◆ WORK INSTRUCTION ◆
From first line to last, give the material again unchanged.

◆ RECORDED INFORMATION ◆
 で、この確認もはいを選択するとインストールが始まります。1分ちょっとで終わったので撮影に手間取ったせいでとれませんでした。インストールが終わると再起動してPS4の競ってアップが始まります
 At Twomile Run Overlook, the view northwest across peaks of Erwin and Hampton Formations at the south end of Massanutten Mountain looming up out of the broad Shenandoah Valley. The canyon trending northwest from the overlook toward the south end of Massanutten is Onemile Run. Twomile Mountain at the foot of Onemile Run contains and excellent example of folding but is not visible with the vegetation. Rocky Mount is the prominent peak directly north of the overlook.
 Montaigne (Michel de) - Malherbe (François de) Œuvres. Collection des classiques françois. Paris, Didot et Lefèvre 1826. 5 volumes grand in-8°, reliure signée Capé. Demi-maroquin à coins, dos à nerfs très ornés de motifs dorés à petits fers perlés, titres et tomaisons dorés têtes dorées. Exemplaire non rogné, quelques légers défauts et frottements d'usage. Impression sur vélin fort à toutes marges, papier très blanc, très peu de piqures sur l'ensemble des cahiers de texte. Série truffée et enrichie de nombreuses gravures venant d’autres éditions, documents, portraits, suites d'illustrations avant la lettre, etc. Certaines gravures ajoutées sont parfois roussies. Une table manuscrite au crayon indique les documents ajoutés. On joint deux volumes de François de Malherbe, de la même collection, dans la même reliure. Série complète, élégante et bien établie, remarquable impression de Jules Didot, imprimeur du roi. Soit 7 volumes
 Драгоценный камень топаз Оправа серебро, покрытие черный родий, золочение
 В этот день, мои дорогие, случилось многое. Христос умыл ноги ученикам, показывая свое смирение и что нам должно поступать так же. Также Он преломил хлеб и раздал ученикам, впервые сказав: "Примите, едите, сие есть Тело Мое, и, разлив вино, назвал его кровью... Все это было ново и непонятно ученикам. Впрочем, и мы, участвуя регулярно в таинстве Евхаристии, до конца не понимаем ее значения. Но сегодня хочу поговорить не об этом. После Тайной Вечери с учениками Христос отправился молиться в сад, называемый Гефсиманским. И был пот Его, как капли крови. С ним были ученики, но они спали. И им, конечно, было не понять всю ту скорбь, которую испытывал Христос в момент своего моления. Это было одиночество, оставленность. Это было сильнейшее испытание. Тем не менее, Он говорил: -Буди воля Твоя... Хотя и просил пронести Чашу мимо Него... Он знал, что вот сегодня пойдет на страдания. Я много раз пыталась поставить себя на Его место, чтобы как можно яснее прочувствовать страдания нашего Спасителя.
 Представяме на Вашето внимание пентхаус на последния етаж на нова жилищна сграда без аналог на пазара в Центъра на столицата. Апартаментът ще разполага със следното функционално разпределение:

◆ REPLY ◆
 で、この確認もはいを選択するとインストールが始まります。1分ちょっとで終わったので撮影に手間取ったせいでとれませんでした。インストールが終わると再起動してPS4の競ってアップが始まります
 At Twomile Run Overlook, the view northwest across peaks of Erwin and Hampton Formations at the south end of Massanutten Mountain looming up out of the broad Shenandoah Valley. The canyon trending northwest from the overlook toward the south end of Massanutten is Onemile Run. Twomile Mountain at the foot of Onemile Run contains and excellent example of folding but is not visible with the vegetation. Rocky Mount is the prominent peak directly north of the overlook.
 Montaigne (Michel de) - Malherbe (François de) Œuvres. Collection des classiques françois. Paris, Didot et Lefèvre 1826. 5 volumes grand in-8°, reliure signée Capé. Demi-maroquin à coins, dos à nerfs très ornés de motifs dorés à petits fers perlés, titres et tomaisons dorés têtes dorées. Exemplaire non rogné, quelques légers défauts et frottements d'usage. Impression sur vélin fort à toutes marges, papier très blanc, très peu de piqures sur l'ensemble des cahiers de texte. Série truffée et enrichie de nombreuses gravures venant d’autres éditions, documents, portraits, suites d'illustrations avant la lettre, etc. Certaines gravures ajoutées sont parfois roussies. Une table manuscrite au crayon indique les documents ajoutés. On joint deux volumes de François de Malherbe, de la même collection, dans la même reliure. Série complète, élégante et bien établie, remarquable impression de Jules Didot, imprimeur du roi. Soit 7 volumes
 Драгоценный камень топаз Оправа серебро, покрытие черный родий, золочение
 В этот день, мои дорогие, случилось многое. Христос умыл ноги ученикам, показывая свое смирение и что нам должно поступать так же. Также Он преломил хлеб и раздал ученикам, впервые сказав: "Примите, едите, сие есть Тело Мое, и, разлив вино, назвал его кровью... Все это было ново и непонятно ученикам. Впрочем, и мы, участвуя регулярно в таинстве Евхаристии, до конца не понимаем ее значения. Но сегодня хочу поговорить не об этом. После Тайной Вечери с учениками Христос отправился молиться в сад, называемый Гефсиманским. И был пот Его, как капли крови. С ним были ученики, но они спали. И им, конечно, было не понять всю ту скорбь, которую испытывал Христос в момент своего моления. Это было одиночество, оставленность. Это было сильнейшее испытание. Тем не менее, Он говорил: -Буди воля Твоя... Хотя и просил пронести Чашу мимо Него... Он знал, что вот сегодня пойдет на страдания. Я много раз пыталась поставить себя на Его место, чтобы как можно яснее прочувствовать страдания нашего Спасителя.
 Представяме на Вашето внимание пентхаус на последния етаж на нова жилищна сграда без аналог на пазара в Центъра на столицата. Апартаментът ще разполага със следното функционално разпределение:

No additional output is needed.